Exactly how can vary.
But I’ve come up with just one simple construct today: Your Product Just Has To Be Easier Buy Than It Is To Use.
- If you think your product really is 10x easier to use than the older competition — it should be 10x easier to buy, too. SaaS buyers are veterans now. If you make it hard to buy, we know it will be hard to deploy and hard to use.
- You should be able to talk to sales, or support, or someone — when you want. And / or instantly. Not when a day or two later, they send you a Calendly link.
- Make free trials last as long as people want them. Don’t hide your software if it is so easy to use. You want your customers to be on a 10+ year journey with you. If they need a little more time in the early days of that journey — just let them have it. Without drama.
- Maybe deployment as close to instant as possible. At least — make it effortless. Even for a complex product, I should be able to deploy effortlessly.
- Make pricing < $50,000 at least as simple and transparent as possible. No one has energy here anymore.
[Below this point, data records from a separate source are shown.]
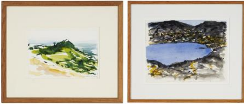
ELAINE DE KOONING (AMERICAN, 1918-1989)

Montepozio I and Villa Eden, Acapulco each watercolor on paper
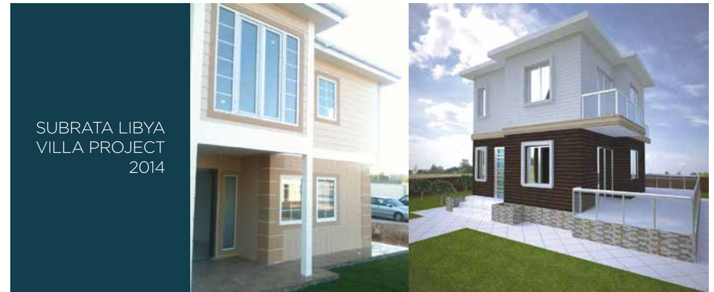
SUBRATA LIBYA VILLA PROJECT 2014
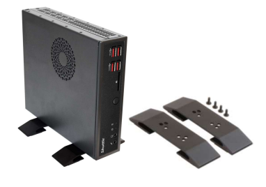
Vertical Stand PS02 for vertical operation
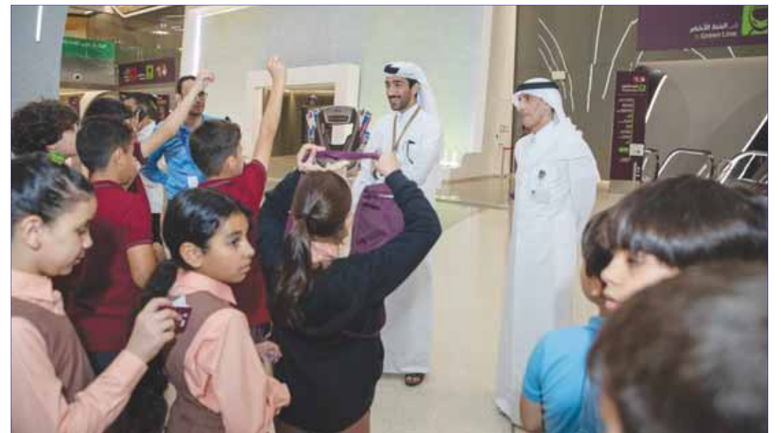
The school visits initiative, which is part of Qatar Rail's corporate social responsibility programme, provides an immersive experience to students and offers an insider's view into the Doha Metro network.

During their tour at Msheireb Station, the heart of the Doha
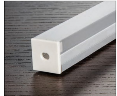
NTALB11 - FR
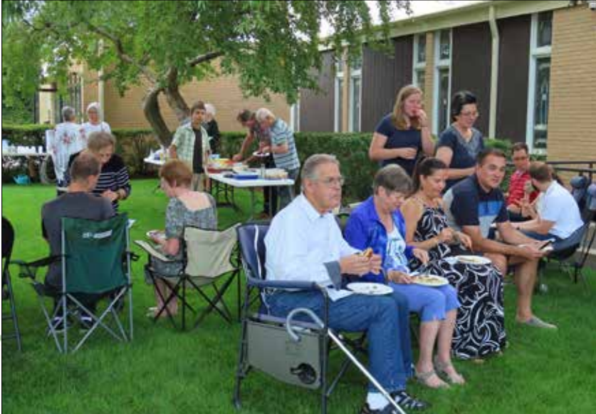
A sampling of photos taken.

- Your customers should know pricing isn’t a rip-off. Just put it on the website for anything less than six figures. Assume every customer that pays < $100k a year knows exactly how much every other customer < $100k a year pays. And price it that way.
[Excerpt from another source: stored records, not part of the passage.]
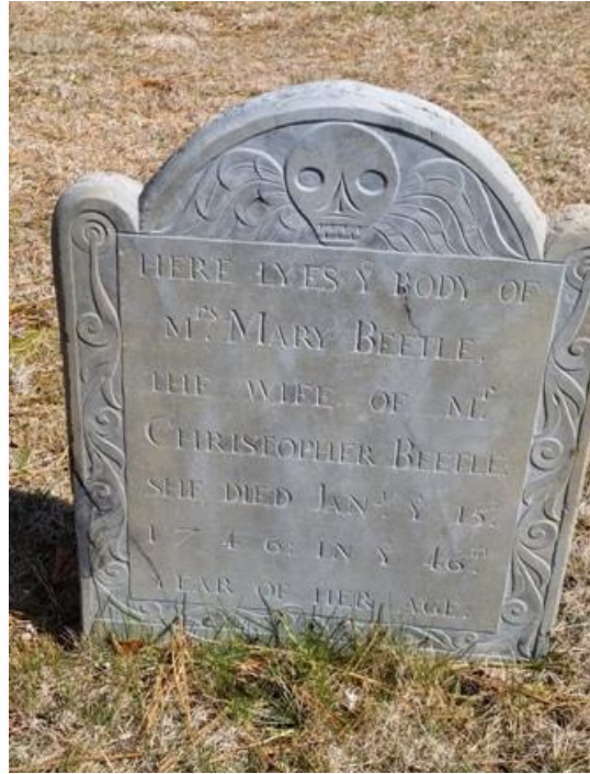
After 2017 Restoration
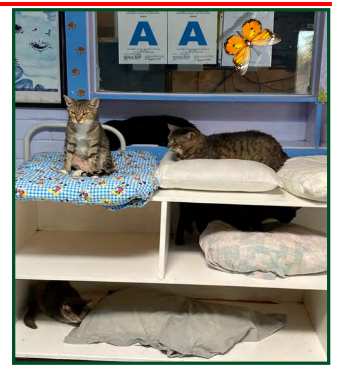
Some of our cuties just relaxing in a very hot California day!!
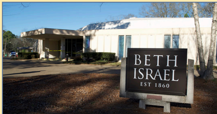
Beth Israel Congregation in Jackson, Mississippi, on Jan. 16, 2025.

Although the survey found no statistically significant difference in the antisemitism experienced by Jews in smaller and larger communities, it found that Jews in small communities are more likely to feel that antisemitism is invalidated or
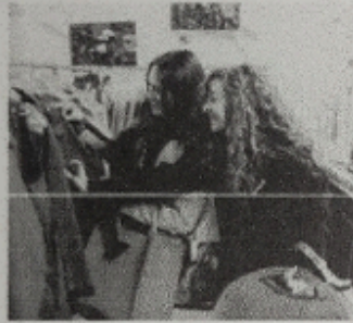
4. they're going to shop
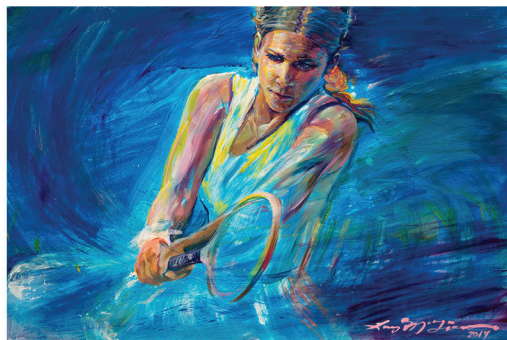
"Chris Evert" Acrylic on Aluminum 36" x 24"
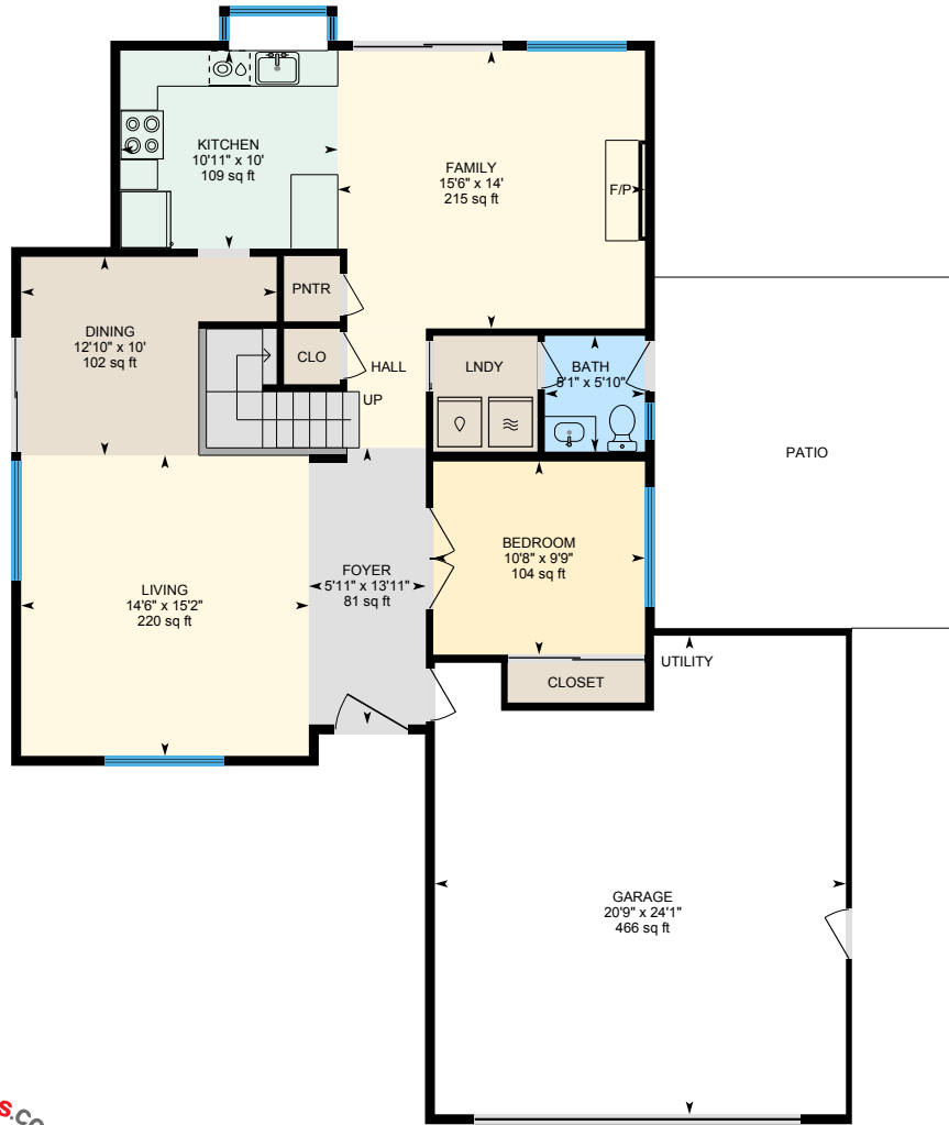
1st Floor Finished Area 1085.03 sq ft

Main Building: Above Grade Finished Area 1892.79 sq ft
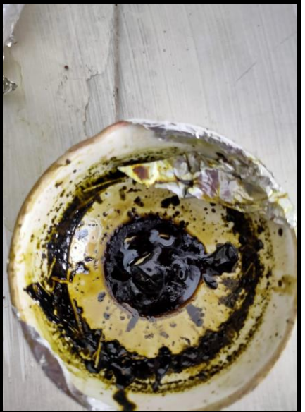
Fig. 4: (Ethanol Extract).
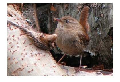
Winter wren
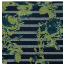
3615-04 CROISIÈRE - MARINE
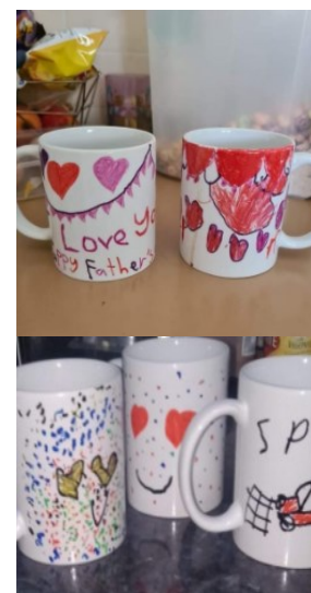
Creations for Father's Day

Next week, return to face-to-face learning at school.
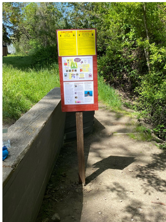
Tick awareness signage on Laguna trail.
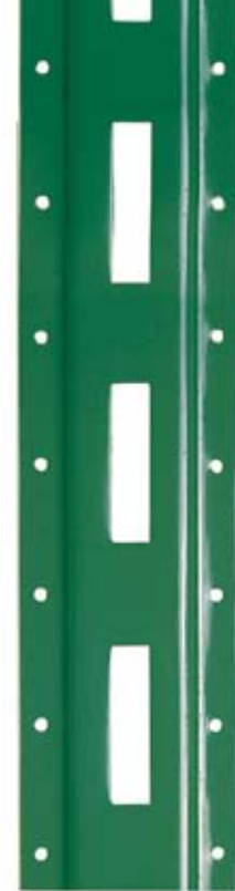
Heavy-Duty Series A Track Vertical (iron phosphate primer green)

- If your customers want to switch to you before a competitive contract is ending, incent them — and don’t make them ask. Just tell them upfront you will credit them a decent chunk of the prior contract, or give them the stub period for free if they buy another year. Make it easy to switch. Tell them upfront. No games.
- Identify high intent buyers and don’t force them to go through an SDR. In fact, respond immediately to them, or as close to it as possible. Veterans expect a rapid, painless process to evaluate a vendor they’ve already identified high interest in.
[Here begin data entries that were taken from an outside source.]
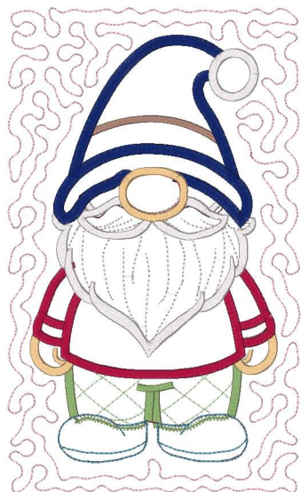
Tonk.vip 6.00x9.99 inches; 21,485 stitches 29 thread changes; 10 colors
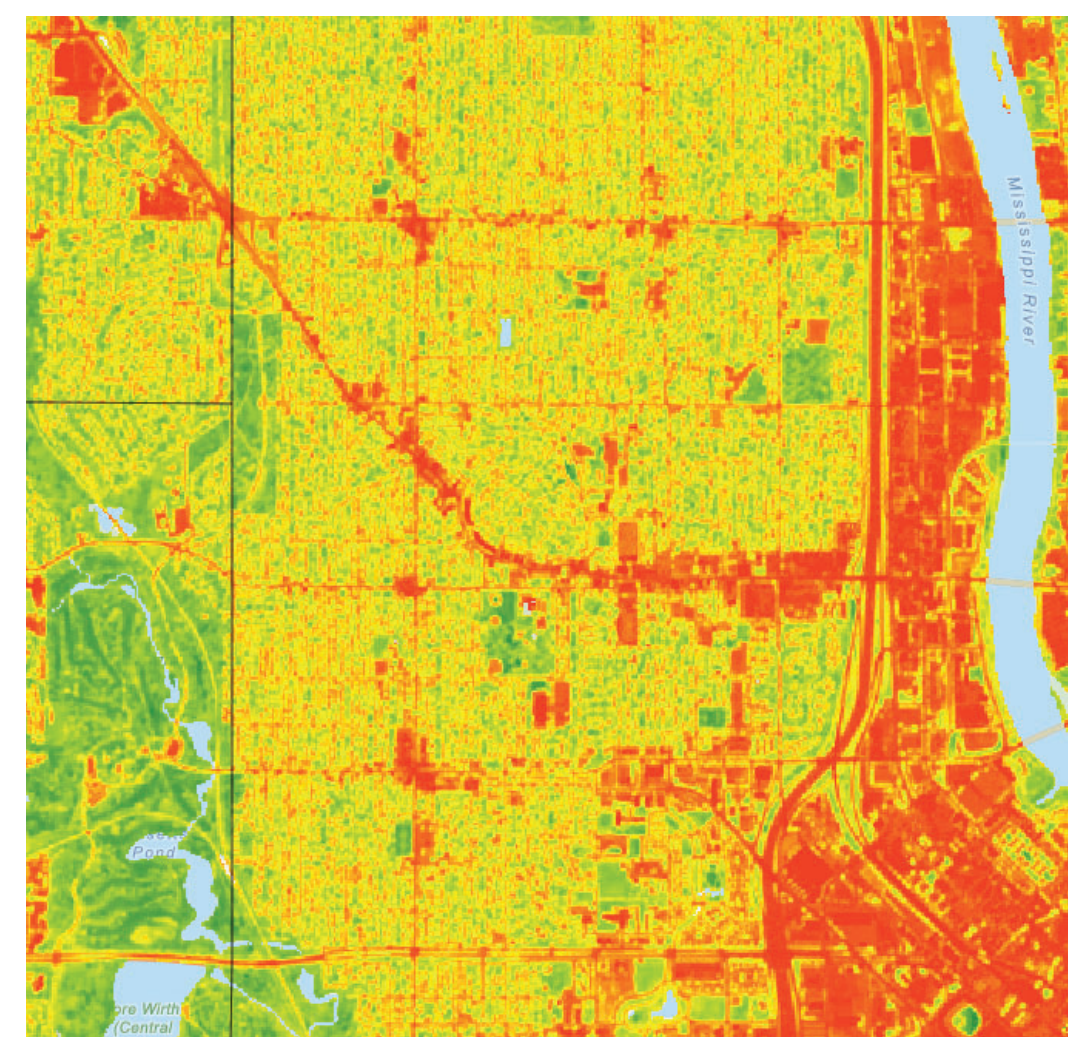
MAP OF NORTH MINNEAPOLIS GROUND TEMPERATURES (2022)
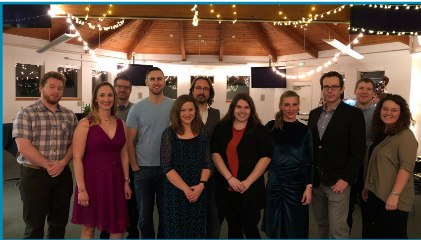
The hard working volunteers for the Alaska Section Annual Scholarship Fundraiser Beer & Wine Tasting Silent Auction.
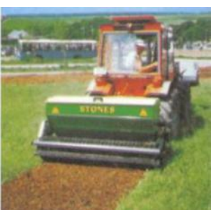
Bury stones and debris with models as narrow as 34" with tractors from 15 HP - 20 HP. Ideal seed bed preparation

For the Market gardener an ideal system consists of growing beds alternating with slightly wider strips of turf. The sod keeps growing area accessible even after rain or irrigation and supports tractor tires avoiding ruts. Tractor straddles growing beds without compacting them. Turf strips slightly wider than tractor tires are easily maintained by tractor mounted mowers. CSAS, you pick farms and farms with on site stands benefit as well from attractiveness of such a growing system.
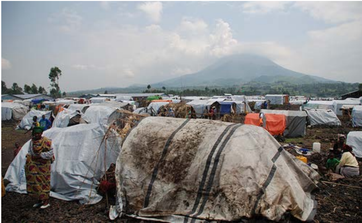
Kanyaruchinya IDP site, north of Goma (North Kivu, DRC), September 2012.

- Don’t expect High NPS or referrals if it’s painful to simply buy. You are starting off at NPS 0 if you put your prospects through a painful buying process.
If it’s hard to buy, that sends a clear signal: it will be even harder to deploy and use. In today’s environment, why bother then?
If it takes 2 weeks of negotiating to close a $30k deal, why will I possibly believe I can get up and running any faster? We can all smell good vs. bad software. A bad sales process says bad-to-mediocre software, even if it’s not the case.
Yes, truly big deals are complicated. Big deals have a lot of stakeholders, and there it’s probably fine to have non-transparent pricing, carefully managed pilots … and lots of gates. Lots of qualification.
But anything less than $50k-$100k should be simple to buy today. Even more so in today’s crazy world. Fast and easy. Like you claim your application is.